For most dancers, retirement is the first death. But PhD graduate Sarah Knox shows that life after working as a professional dancer can be just as rewarding, even transformational.

A woman smiling at the camera in her doctoral regalia.
Sarah Knox's doctoral journey was intertwined with her experiences as a dancer. Photo: Elise Manahan.

When Sarah Knox was just two years old, she already knew she wanted to be a dancer.

“I used to run around the house saying ‘I want to dance! I want to dance!’” Sarah says. “I don’t know where I got the idea from, but what I do know is that I have an innate need to move my body and it made absolute sense to be a dancer.”

By the age of five, Sarah began her formative training in dance, which spurred her professional career. Before she joined the University, Sarah performed with renowned dance companies in Aotearoa, including Footnote New Zealand Dance, Black Grace and the New Zealand Dance Company.

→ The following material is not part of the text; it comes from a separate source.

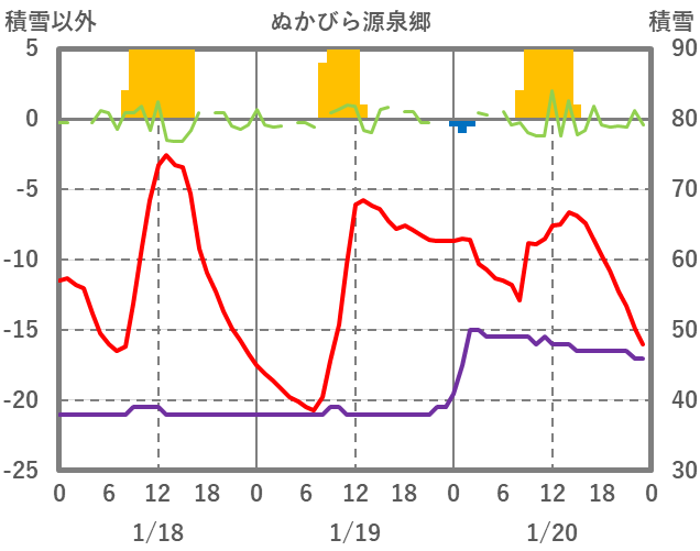 | 日 | 時 | 気温 | 降水 | 風向/風速 | 日照 | 積雪 | 降雪 |

Sarah’s dance journey also took her to Japan, and beyond the stage to film and television. After 12 years as a professional dancer, she made the decision to retire.

“There’s a saying that dancers die twice,” says Sarah. “They die when they retire, and when they really die. For many people, being a dancer is their identity.”

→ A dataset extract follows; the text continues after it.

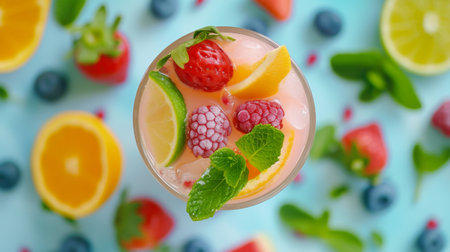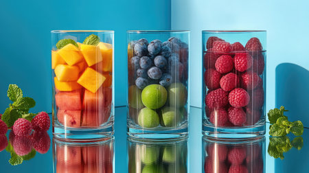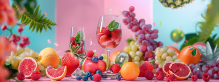 A colorful arrangement of fresh fruits and glasses filled with berries and mint leaves, set against a pastel background. The image is lively and fresh, ideal for food, beverage, and summer themes.

But even after retirement, Sarah’s dance career lived on, just in a different form. Encouraged by friend and colleague Professor Rosemary Martin, Sarah returned to tertiary education to pursue a postgraduate diploma (PGDip) in dance studies.

“I never planned to teach, and I didn’t want to go to uni to study, but the PGDip totally transformed my life,” she says. “I fell in love with the university setting and the possibility that I could follow my interests.”

After completing her PGDip, Sarah progressed onto a masters degree and taught undergraduate students.

“I love teaching our students,” she says. “They’re full of ideas, both in life and energy. I also like other parts of my role too. I really enjoy doing a bunch of different things – which is why I love working here. I love teaching and I like doing research. And I like administration!” she laughs.

“I’m also able to engage a lot through some of my roles at the university, with recruitment in high school and local studios. I still am involved with the dance community in New Zealand.”

There's a saying that dancers die twice. They die when they retire, and when they really die. For many people, being a dancer is their identity. 

Sarah Knox

Teaching inspired Sarah’s doctoral studies, and although she has taught various facets of Dance Studies, it’s choreography that’s the focus of her PhD.

“In the university context we teach our students how to make choreography as a collaborative process,” explains Sarah. “As educators, it’s very interpersonal, peer to peer and relational between the teacher and student. But through my own experience I quickly learnt student choreography always begins to reflect their identity, and this is where entanglements happen between students’ creative aspirations and personal challenges, curriculum needs, and industry expectations for art making.”

Sarah’s thesis examines the complexities of teaching choreography in tertiary education as well as the role of identity. Supervised by Professor Ralph Buck (Head of Department, Dance Studies) and Dr Rebecca Weber, Sarah interviewed three female choreography educators.

“When interviewing these educators, and through my own experience, I found that female choreography educators are pushed outside the boundaries of teaching and learning,” says Sarah.

“In a way, we’re often positioned by students as mother figures or carers. And then suddenly we’re in the role of counsellor - it doesn’t happen as much in any other type of dance classes. And it’s not isolated to New Zealand.”

For Sarah, the process of writing her thesis was an emotional entanglement, which saw her working full-time in her role as a lecturer while also studying part-time.

“You don’t stop life while you’re doing a PhD,” she says wisely, “Your PhD isn’t this separate thing that happens in over there in parallel – it’s another tangle with life! I couldn’t have done it with the support of my supervisor Ralph Buck and my family. You really need that support.”

While her thesis is complete now and made it onto the Dean’s List for exceptional research, the journey itself was life changing. During her studies, Sarah became a mum. She also faced tragic losses.

“I lost my father early on in my doctoral journey, and later my partner’s parents also passed away. It feels like my thesis is haunted by these people who have been incredibly supportive throughout my dance journey, so it’s quite a big deal for me to graduate, and I know they would be really proud of me.”

When Sarah handed in her thesis, she remembers feeling a great sense of relief, as well as thoughts of ‘where to next?’

Now that she’s had a bit more time to reflect on the next chapter of her life, she’s gearing up for further research, with her PhD serving as a solid foundation.

“There are elements of my doctoral research that feel really meaningful in regard to the state of the world at the moment and how we support young people to actually be together,” says Sarah.

“That's always been what has driven my research – how do we support people to understand each other? How do we support people to be together? That’s what I care about the most and these questions, in the context of dance, remain a focus for my ongoing research.”